Further examination, requiring the patient to listen to varied pitches, proved that she could recognize one tone as higher or lower than another.

Diagnosis.—Patient suffering from inability to sing definite pitches; cause, faculty of distinguishing varied pitches undeveloped, and lack of control of vocal organ through non-use in singing and faulty use in heavy, dramatic, elocutionary work.
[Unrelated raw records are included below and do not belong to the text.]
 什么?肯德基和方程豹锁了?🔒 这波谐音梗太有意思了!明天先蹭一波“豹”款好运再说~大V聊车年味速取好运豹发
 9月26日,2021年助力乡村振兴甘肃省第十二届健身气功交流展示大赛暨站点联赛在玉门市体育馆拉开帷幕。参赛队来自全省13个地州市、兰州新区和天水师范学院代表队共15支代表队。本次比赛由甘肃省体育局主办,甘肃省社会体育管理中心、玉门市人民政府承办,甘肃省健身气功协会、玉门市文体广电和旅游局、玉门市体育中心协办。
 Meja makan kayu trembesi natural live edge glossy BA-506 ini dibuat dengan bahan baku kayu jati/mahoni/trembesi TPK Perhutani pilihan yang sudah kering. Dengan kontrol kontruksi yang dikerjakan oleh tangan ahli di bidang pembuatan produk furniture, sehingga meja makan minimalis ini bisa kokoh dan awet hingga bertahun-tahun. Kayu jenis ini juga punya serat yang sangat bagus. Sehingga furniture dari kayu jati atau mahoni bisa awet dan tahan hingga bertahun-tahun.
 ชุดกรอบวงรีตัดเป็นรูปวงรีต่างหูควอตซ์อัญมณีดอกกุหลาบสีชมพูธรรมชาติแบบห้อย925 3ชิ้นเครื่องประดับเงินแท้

Treatment.—A course of exercises in ear-training from the foundation. Concurrently a course of exercises to relieve the throat from the labor of controlling the outgoing breath, supplemented by exercises requiring the sounding, on rightly controlled breath, of the various musical intervals to one vowel, and, later on, to various vowels. Also, to aid in keeping the throat free from undue tension, exercises requiring the rapid repetition, on one pitch, lightly, smoothly, distinctly, with a constant flow of tone, of a series of short syllables, such as lah, beh, nee, po, too; and 1, 2, 3, 4, 5, 6, etc. All singing done on middle pitches, with the normal weight of voice—that is to say, without any attempt to sing either a loud note or a soft note.

Later the usual primary vocal exercises were given, and, after about four months, two simple ballads of moderate range were taken up. In six months the patient sang one ballad having a range of an octave and one-half in perfect time, and with a fair quality of soprano voice. She then married and passed from our knowledge.
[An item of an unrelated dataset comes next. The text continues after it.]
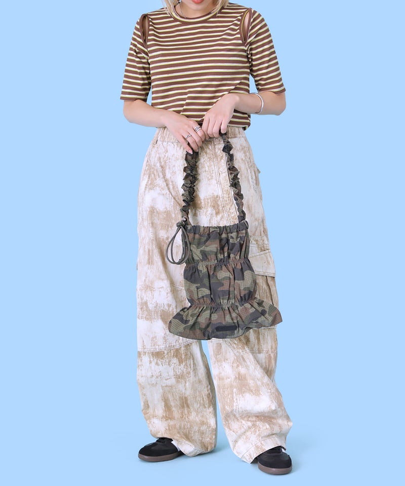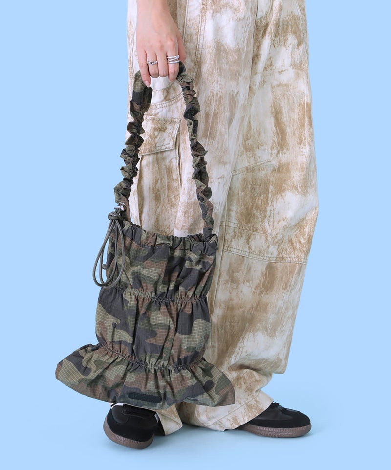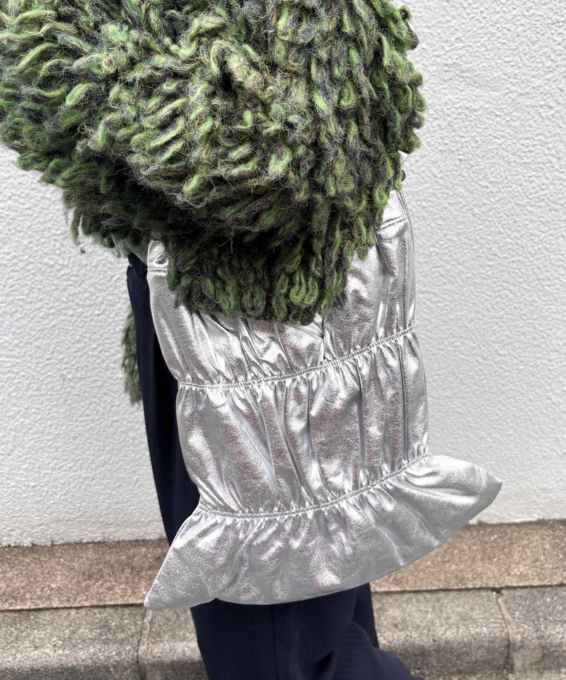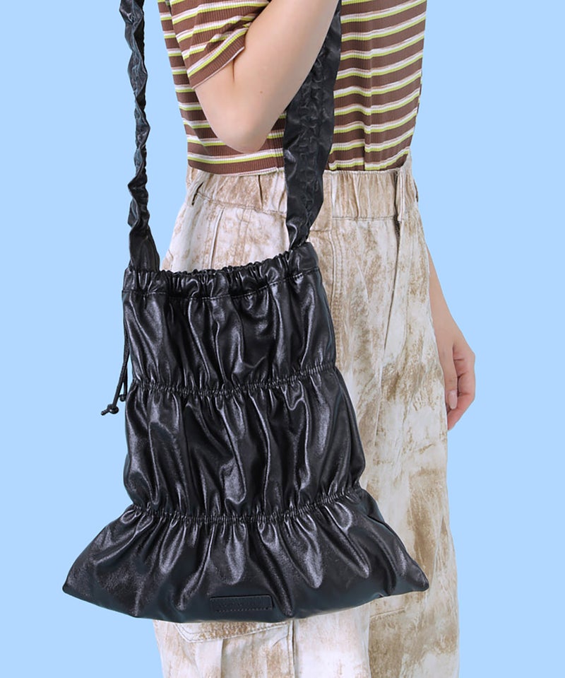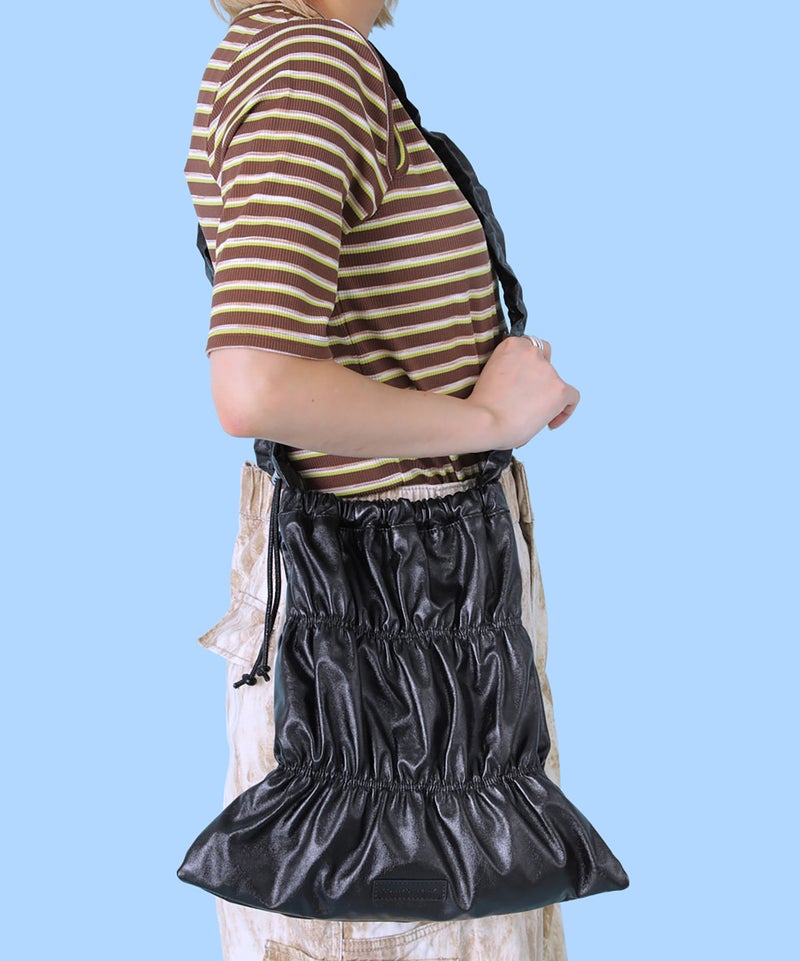本体に施されたシャーリングが、ふんわりとした立体感とフェミニンさを演出する2WAYバッグ。

Memorandum.—When singing out of tune is not due to an utter lack of “ear,” it is to be attributed most often to undue tension or rigidity of the vocal instrument. The most potent and frequent cause of such a condition is lack of control of breath elsewhere than at the throat.

Sometimes there is such mental and bodily lassitude as results in failure to properly support the voice. A diseased throat or nose will make intonation uncertain. With some singers stage-fright induces such a condition of nervous tension that control of breath is lost, the vocal instrument made rigid, and, according to the idiosyncrasy of the individual, he or she sings flat or sharp. The singer is aware of his fault, but unable to relax sufficiently to remedy it.
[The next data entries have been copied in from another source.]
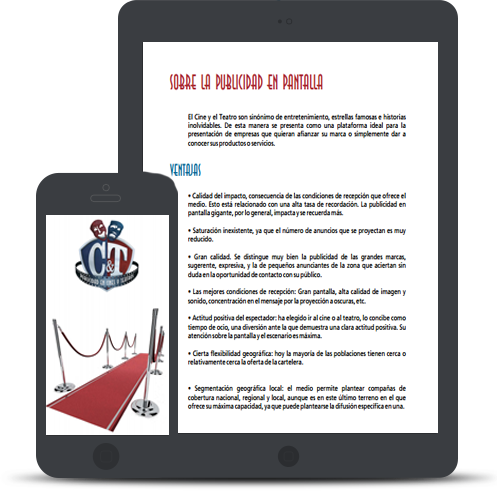 En C&T publicidad nos dedicamos a generar nuevos espacios de publicidad en Cines y Teatros, tanto en pantalla como por medio de acciones de promoci贸n, est谩tica y otras alternativas que permiten que su empresa cuente con una alternativa apropiada para dar a conocer su propuesta
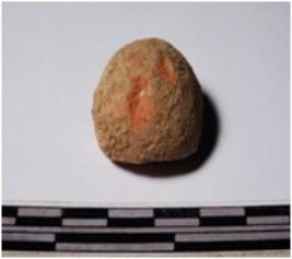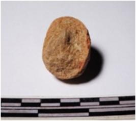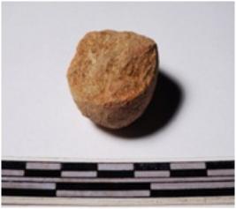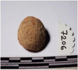 | Description / विवरण | A fragment of a terracotta round shaped sling ball, circular in section of smooth surface. |
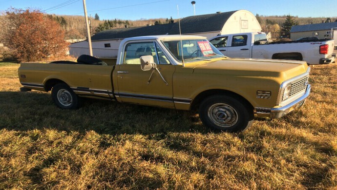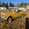 Two Classic Trucks! First, 1971 Cheyenne with 174000 miles. Idaho truck. Solid as can be. This is the kind of rebuilder that is really easy, but you can drive it as you do it. It is really cool the way it is! Original 350 was completely rebuilt 10k ago. I just rebuilt the original transmission (St Albert Transmission). New carburetor, fuel pump and exhaust. Drive it to Mexico if you like. $ 6,995 Second, 1972 GMC. Super clean one owner truck from Eastern Washington. 250 ci straight six with a 4 speed stick. Restoration would include 2 outer rockers and a fender patch ... that's it !! All maintenance recorded with plastic labels on the door ... really !! New plugs, points, wires, tires, fuel pump and valve cover gasket. I need $ 6995 for this one too. So take your pick! Call Richard 780-886-4328
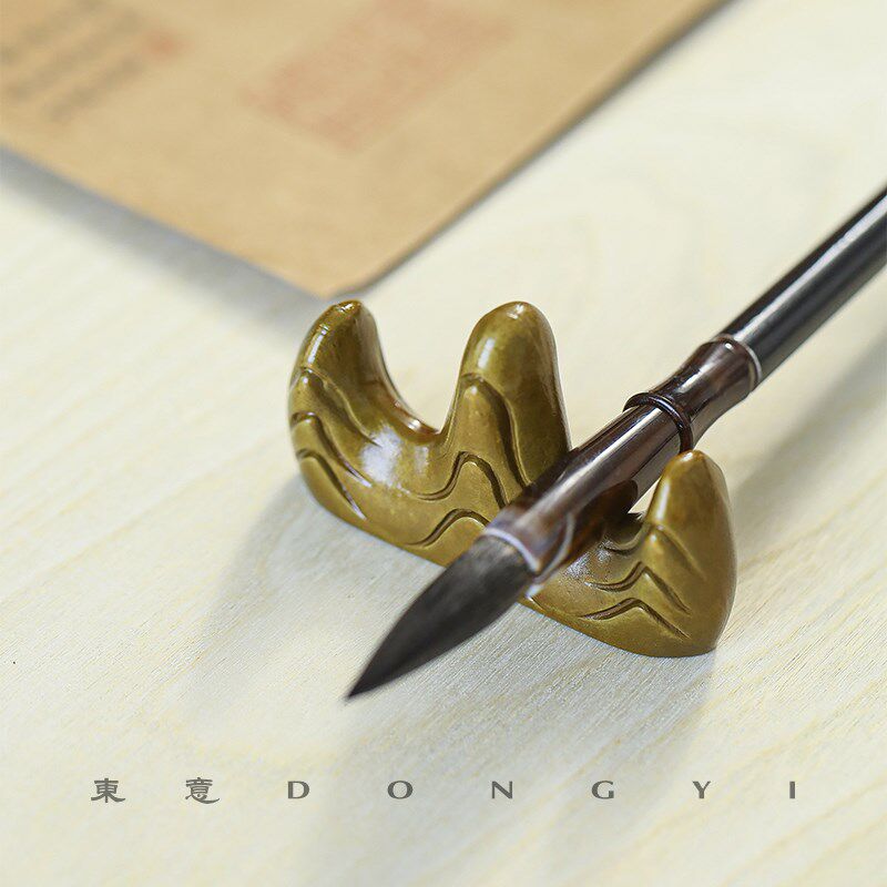 东意文房 黄铜假山笔山笔架笔搁书法毛笔托架摆件创意文镇纸镇尺
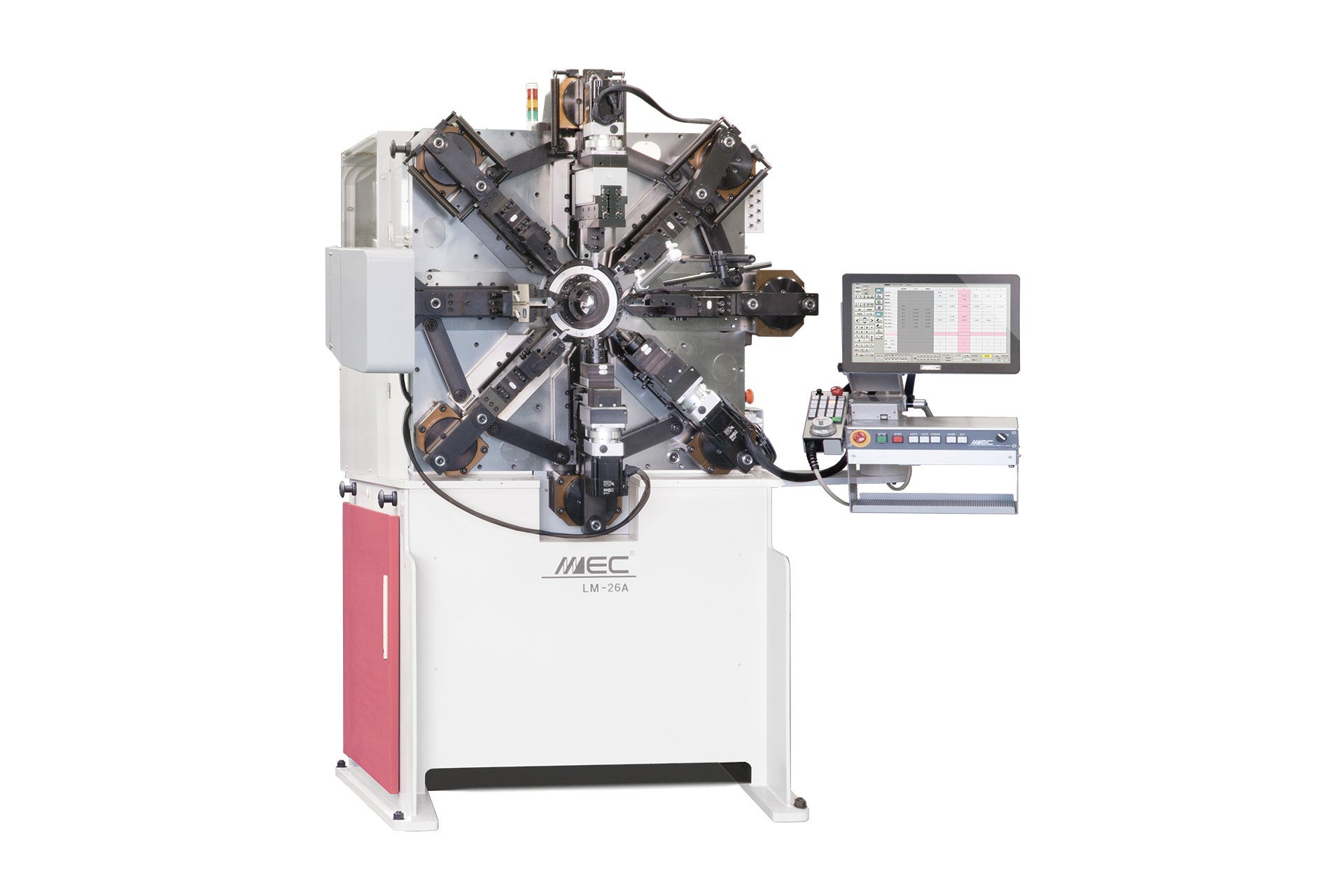 アマダグループの株式会社アマダプレスシステム(神奈川県伊勢原市、代表取締役社長:堀江 喜美雄)は、ワイヤ回転機構と8本の加工スライドで、直感的な操作を実現する15軸制御ワイヤ回転式トーションマシン「LM-26A」の販売を3月11日から開始します。トーションマシンは、ねじりばねを得意としながら引きばね、圧縮ばね、フォーミングなど、あらゆる線加工の成形が可能なばね成形機です。

Where there is lassitude the singer should be stirred up—the critics usually attend to that, for there is no vocal sin so great as singing out of tune. There is no specific for stage-fright. Frequent public appearances and the practice of taking a number of deep, slow breaths on first facing an audience bring good results. A singer with diseased nose or throat is sometimes a case for the physician and surgeon.

An occasional lapse from pitch does not warrant condemnation of a singer or his method. Where singing sharp or flat is the rule, however, the singer should strive for a better grip of his method; or, if he has reason, on careful self-examination, to believe the method at fault, he should seek another instructor.